La quest-fantasy of Loring 50 years before Sword & Sorcery

What about the writing that gives the title to this publication? Ombre it is considered by critics to be one of the first quest-fantasy never published: that is to say a narrative work that, like the quest classic, unfolds along the stages of an initiatory journey that has the trappings of a mission, undertaken by a protagonist typically ascribable to the "chivalrous" order, to achieve a very specific purpose, often mystical or sacred; here we can talk about quest-fantasy for Loring's casual use of expedients typical of fantastic literature and precisely of the vein Fantasy, as a continuous series of supernatural events and the use of magic in all its forms, elements that will then become essential in the Sword & Sorcery which will develop half a century later. In this, Loring must be recognized with a certain far-sightedness, which appears even more deserving if one takes into account the fact that the genre, apart from the brief parenthesis mentioned here and a few other exceptions, was always interpreted with more success by male authors.

If of the plots of the other short stories originally contained in the Arabesque (1872) we have briefly mentioned (a more detailed description is given in the preface of the book reviewed here), that of Ombre it could be defined at first glance as a potpourri of the aforementioned, starting from the brief description made by the editor and translator Peter Guarriello [4]:

The protagonist is a lone knight who embarks on a perilous journey in dark and wild lands, between ruined castles and abandoned cemeteries, where he will meet diabolical necromancers and witches reanimartici of corpses.

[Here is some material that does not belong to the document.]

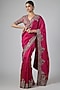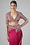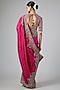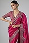 Featuring a pink saree in silk base with zardosi embroidery. It is paired with an embroidered blouse. Accentuate it with statement jewellery, a low bun and heels for a wedding, sangeet or engagement ceremony.
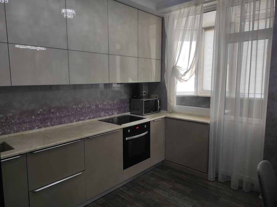 Квартира розташована на 16-му поверсі 17-ти поверхового монолітного будинку. Вікна квартири з сонячної сторони, виходять у двір (не чутно проїжджої частини), через панорамні вікна відкривається чудовий вид на місто.

He also has to contend with a magically created double of himself, a topos author's favorite.

An incipit that recalls that of The devil's elixirs by ETA Hoffmann (1817) immediately introduces us to a world of fantasy and yet gloomy hues, in which dream and nightmare alternate seamlessly. TO Mazitka, cruel necromancer, alchemist and astrologer dedicated to unmentionable rites, he contrasts the female character built on leitmotiv folkloric of the Β«supernatural brideΒ»Who, after luring the protagonist with his elven music through a ruined city, leads him to the ogre's house, left wunderkammer in which wonders and disturbing artifacts are accumulated. If the first, "archenemy of mankind" [5], exhibits from the clarity of her features a diabolical and at the same time enthusiastic wickedness, the profile of the second seems "changeable and wavering", the only certain things being "her delicate and deep eyes and the glory of her hair" [6]. His likes are, by his own admission, "the morning clouds, the splashes of the waterfall, the drops of dew on the grass, the waves of the sea" [7]. His name is Ombre.

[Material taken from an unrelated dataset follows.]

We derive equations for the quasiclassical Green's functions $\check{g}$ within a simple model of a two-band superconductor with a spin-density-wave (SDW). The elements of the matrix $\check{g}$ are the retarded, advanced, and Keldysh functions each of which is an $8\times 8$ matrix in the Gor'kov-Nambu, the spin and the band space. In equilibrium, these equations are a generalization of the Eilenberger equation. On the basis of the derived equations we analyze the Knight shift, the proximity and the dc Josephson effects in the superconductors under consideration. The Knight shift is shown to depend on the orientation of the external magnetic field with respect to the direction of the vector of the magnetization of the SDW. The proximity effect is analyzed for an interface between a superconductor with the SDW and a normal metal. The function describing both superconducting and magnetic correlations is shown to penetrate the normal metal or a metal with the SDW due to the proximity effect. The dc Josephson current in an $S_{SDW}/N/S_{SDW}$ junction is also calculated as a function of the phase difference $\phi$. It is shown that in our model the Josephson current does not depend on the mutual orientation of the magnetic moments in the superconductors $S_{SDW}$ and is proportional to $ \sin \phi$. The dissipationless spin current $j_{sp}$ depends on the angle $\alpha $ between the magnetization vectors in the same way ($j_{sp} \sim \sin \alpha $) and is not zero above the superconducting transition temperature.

And it is she, of course, a iniziare, in the moonlight, the protagonist to the mysteries of what we could define the Cosmic Chorus, with an exhibition that presents singular points of contact with the visionary descriptions of the saint Hildegard of Bingen, recently re-read by the theologian Matthew Fox and the biologist Ruper Sheldrake in correspondence with the most modern concepts of physics and astronomy [8]:

The stars have asked me […] their voices fill all the space. Don't you hear them? […] Their songs may not be able to be translated into human speech […]. They speak of the mysteries that existed before the world was born, that exist, and that always will exist. Each in his own way, in his appointed place, raises his voice and sings of the Glory of God, of the wonders of those secret laws through which Beauty has spread through the greatness of creation and thanks to which love has filled solitude. of space.

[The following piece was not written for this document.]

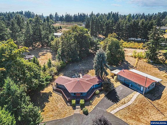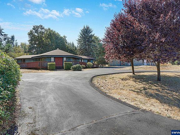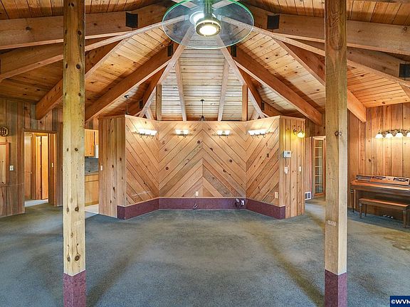Lodge-type custom home on two flat acres in the Cascade School District! Hexagonal shaped center with handsome exposed beams frame the great room and kitchen with separate wings for primary and guest bedrooms. Ample storage and every room has outside access. Shop with 220v includes a rec room with its own bthrm/ADU potential and gardening and machine shed portions that open up to flat pasture for hobby farm potential. Asphalt circular-driveway and parking. Close to Hwy 22 and minutes from Salem.

From the "underground" reintegration of Ombra to the anabasis with the double-daimon

With the recovery of the leitmotiv initiatic of the supernatural bride, Loring reintegrates the feminine element in a mythopoeic vision that goes beyond the purely Romantic vein, in which the virginal figure of the beloved shone almost solely for its purity (except, perhaps, for the Lamia Keatsiana), both the Decadentist one which, on the contrary, slavishly exalted its dark and chaotic elements, as for example happens in the stories of Poe, in the Flowers of Evil by Baudelaire (1857), in Carmilla by Le Fanu (1872) or in Great god Pan of Machen (1890)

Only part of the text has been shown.